WORK ITEM ▸
What is needed is every line from the one holding "Ofrece materiales diversos" to the last line of the data below, printed exactly and without pictures.

-- STORED DATA follows --

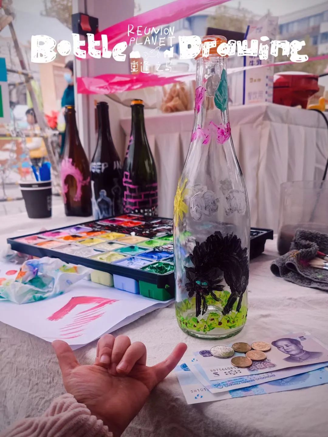 ??这是一小姑娘,带现金来画瓶子
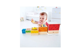 Ofrece materiales diversos en texturas, formas y colores, juguetes de madera natural, elementos para apilar y encajar, para arrastrar o empujar, objetos cotidianos adaptados que fomenten su curiosidad y creatividad, instrumentos de música sencillos...
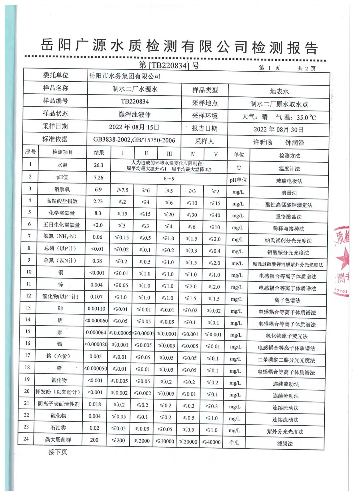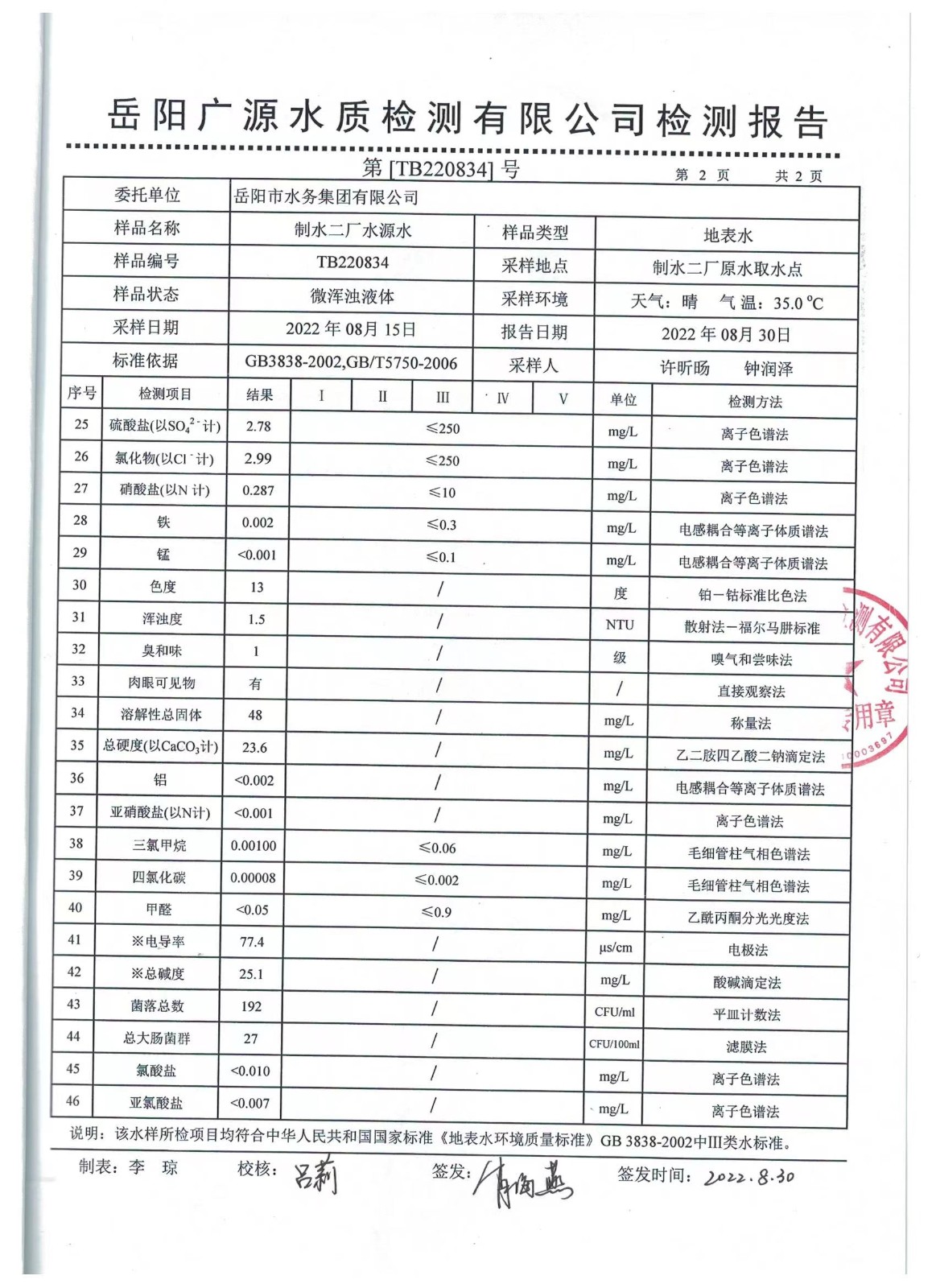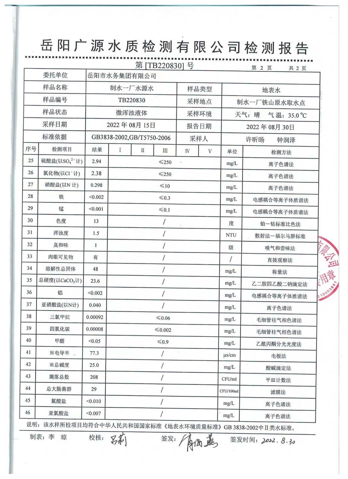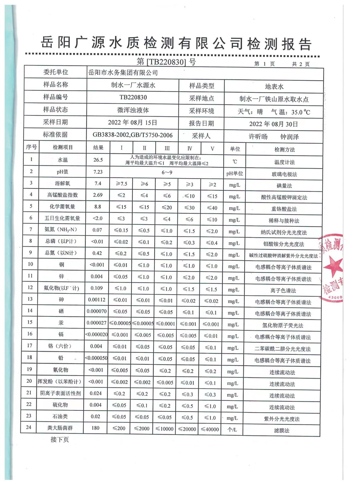 上一篇:2022年08月岳陽市水務(wù)集團出廠水水質(zhì)檢測月報表
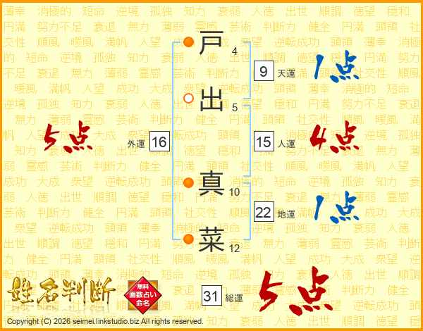 戸出真菜さんの外運は16画の5点!
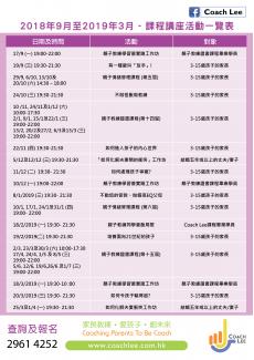 2018年9月至2019年3月 - 課程講座活動一覽表
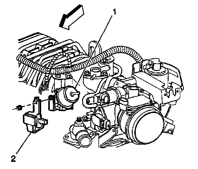2. Disconnect the boost source and the signal hoses from the boost control solenoid (2).

-- STORED DATA concluded --

ANSWER BELOW ▸
 Ofrece materiales diversos en texturas, formas y colores, juguetes de madera natural, elementos para apilar y encajar, para arrastrar o empujar, objetos cotidianos adaptados que fomenten su curiosidad y creatividad, instrumentos de música sencillos...
 上一篇:2022年08月岳陽市水務(wù)集團出廠水水質(zhì)檢測月報表
 戸出真菜さんの外運は16画の5点!
 2018年9月至2019年3月 - 課程講座活動一覽表
2. Disconnect the boost source and the signal hoses from the boost control solenoid (2).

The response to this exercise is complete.